BEGIN

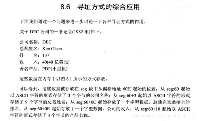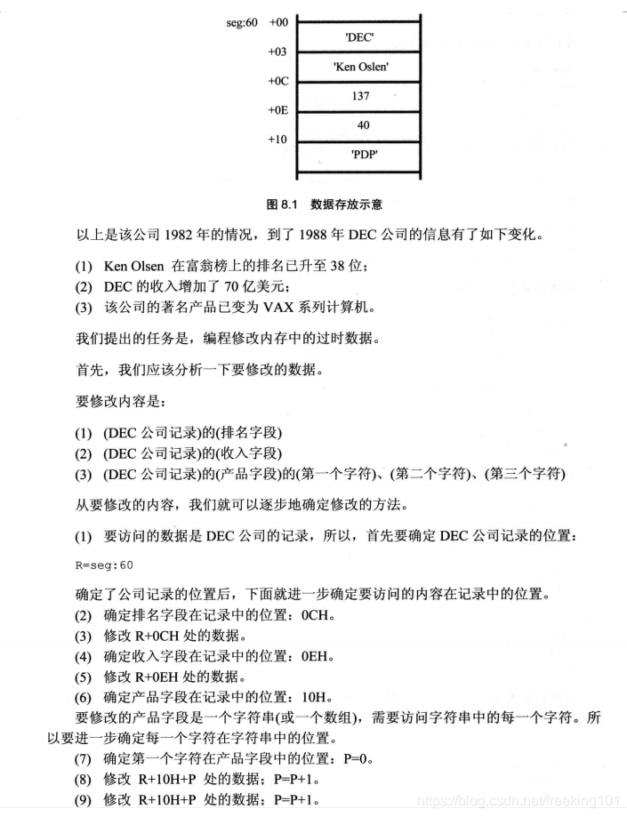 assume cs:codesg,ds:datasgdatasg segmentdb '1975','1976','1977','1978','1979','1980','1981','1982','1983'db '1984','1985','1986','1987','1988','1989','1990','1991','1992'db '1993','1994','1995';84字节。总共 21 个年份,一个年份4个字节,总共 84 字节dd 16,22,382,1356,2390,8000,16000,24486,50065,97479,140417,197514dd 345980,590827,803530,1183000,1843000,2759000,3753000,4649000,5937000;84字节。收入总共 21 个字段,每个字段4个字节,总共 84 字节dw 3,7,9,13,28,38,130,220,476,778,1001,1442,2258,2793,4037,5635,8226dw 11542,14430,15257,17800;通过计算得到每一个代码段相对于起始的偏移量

END
BEGIN

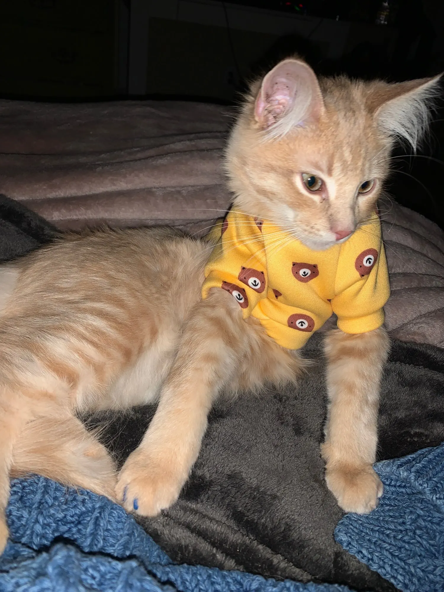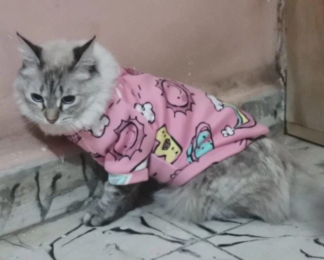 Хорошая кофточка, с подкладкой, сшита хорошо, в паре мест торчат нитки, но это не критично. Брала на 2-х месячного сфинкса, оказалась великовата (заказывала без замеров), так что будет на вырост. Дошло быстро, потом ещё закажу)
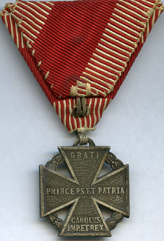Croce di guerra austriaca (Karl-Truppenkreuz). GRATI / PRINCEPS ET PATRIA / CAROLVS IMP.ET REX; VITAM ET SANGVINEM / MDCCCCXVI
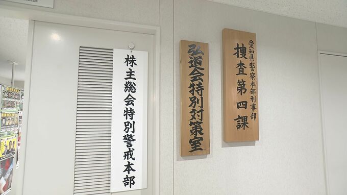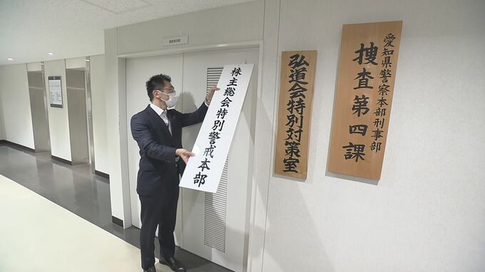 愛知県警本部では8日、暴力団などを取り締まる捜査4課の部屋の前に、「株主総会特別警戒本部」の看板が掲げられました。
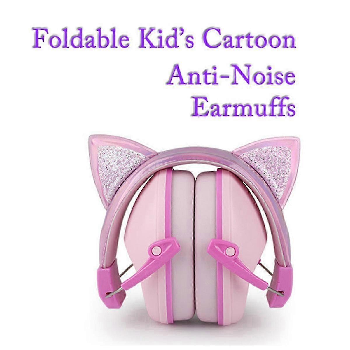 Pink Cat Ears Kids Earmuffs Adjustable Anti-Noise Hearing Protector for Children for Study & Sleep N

END
BEGIN

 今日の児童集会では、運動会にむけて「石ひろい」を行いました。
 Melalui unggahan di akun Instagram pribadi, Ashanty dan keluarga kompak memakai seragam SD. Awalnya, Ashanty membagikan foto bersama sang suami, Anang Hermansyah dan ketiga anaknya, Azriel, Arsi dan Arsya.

END

BRIEF: What you give back should be exactly the lines of the data above from the line with "今日の児童集会では、運動会にむけて「石ひろい」を行いました。" through the line with "Melalui unggahan di", both of those included, and nothing more.

RESULT OF THE TASK:
 今日の児童集会では、運動会にむけて「石ひろい」を行いました。
 Melalui unggahan di akun Instagram pribadi, Ashanty dan keluarga kompak memakai seragam SD. Awalnya, Ashanty membagikan foto bersama sang suami, Anang Hermansyah dan ketiga anaknya, Azriel, Arsi dan Arsya.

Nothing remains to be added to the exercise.